Try it => Every line below from the one containing "Cat 7 Ethernet" through the one containing "为进一步提升我校宣传思想文化" is to be printed exactly, with the pictures omitted.

START Material provided

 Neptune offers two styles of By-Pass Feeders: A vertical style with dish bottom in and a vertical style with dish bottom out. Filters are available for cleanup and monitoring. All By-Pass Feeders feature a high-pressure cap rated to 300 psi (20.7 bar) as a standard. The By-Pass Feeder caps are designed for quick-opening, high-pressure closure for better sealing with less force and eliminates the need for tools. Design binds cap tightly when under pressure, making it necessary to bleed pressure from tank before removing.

END Material provided
START Material provided

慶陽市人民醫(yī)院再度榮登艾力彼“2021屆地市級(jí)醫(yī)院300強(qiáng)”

END Material provided
START Material provided

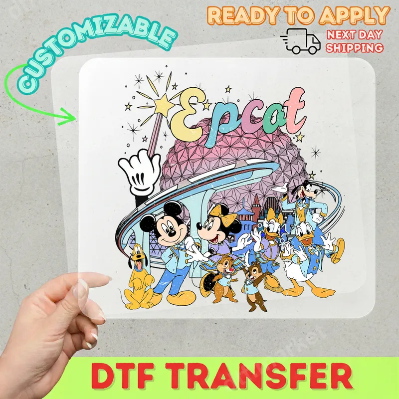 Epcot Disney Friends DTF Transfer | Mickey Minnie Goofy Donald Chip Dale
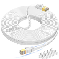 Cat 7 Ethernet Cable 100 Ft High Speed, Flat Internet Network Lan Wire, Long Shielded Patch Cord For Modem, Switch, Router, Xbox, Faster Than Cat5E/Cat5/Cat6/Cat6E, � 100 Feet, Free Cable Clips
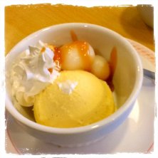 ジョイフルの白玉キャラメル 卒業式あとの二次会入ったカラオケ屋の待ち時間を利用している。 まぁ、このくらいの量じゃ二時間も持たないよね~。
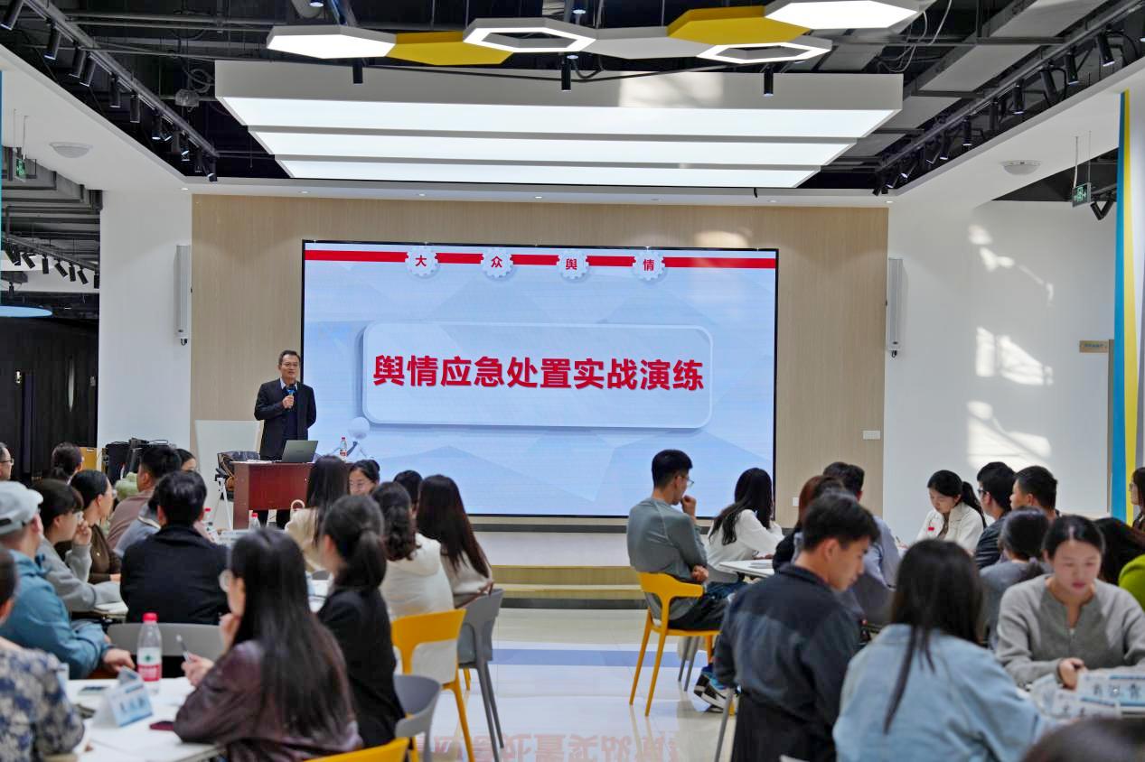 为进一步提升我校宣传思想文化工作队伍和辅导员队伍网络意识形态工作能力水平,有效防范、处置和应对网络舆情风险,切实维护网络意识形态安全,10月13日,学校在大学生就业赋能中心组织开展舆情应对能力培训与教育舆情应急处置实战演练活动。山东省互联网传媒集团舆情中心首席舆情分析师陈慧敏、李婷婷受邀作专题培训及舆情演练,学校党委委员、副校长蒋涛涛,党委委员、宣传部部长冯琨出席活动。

END Material provided

Response =>
 Cat 7 Ethernet Cable 100 Ft High Speed, Flat Internet Network Lan Wire, Long Shielded Patch Cord For Modem, Switch, Router, Xbox, Faster Than Cat5E/Cat5/Cat6/Cat6E, � 100 Feet, Free Cable Clips
 ジョイフルの白玉キャラメル 卒業式あとの二次会入ったカラオケ屋の待ち時間を利用している。 まぁ、このくらいの量じゃ二時間も持たないよね~。
 为进一步提升我校宣传思想文化工作队伍和辅导员队伍网络意识形态工作能力水平,有效防范、处置和应对网络舆情风险,切实维护网络意识形态安全,10月13日,学校在大学生就业赋能中心组织开展舆情应对能力培训与教育舆情应急处置实战演练活动。山东省互联网传媒集团舆情中心首席舆情分析师陈慧敏、李婷婷受邀作专题培训及舆情演练,学校党委委员、副校长蒋涛涛,党委委员、宣传部部长冯琨出席活动。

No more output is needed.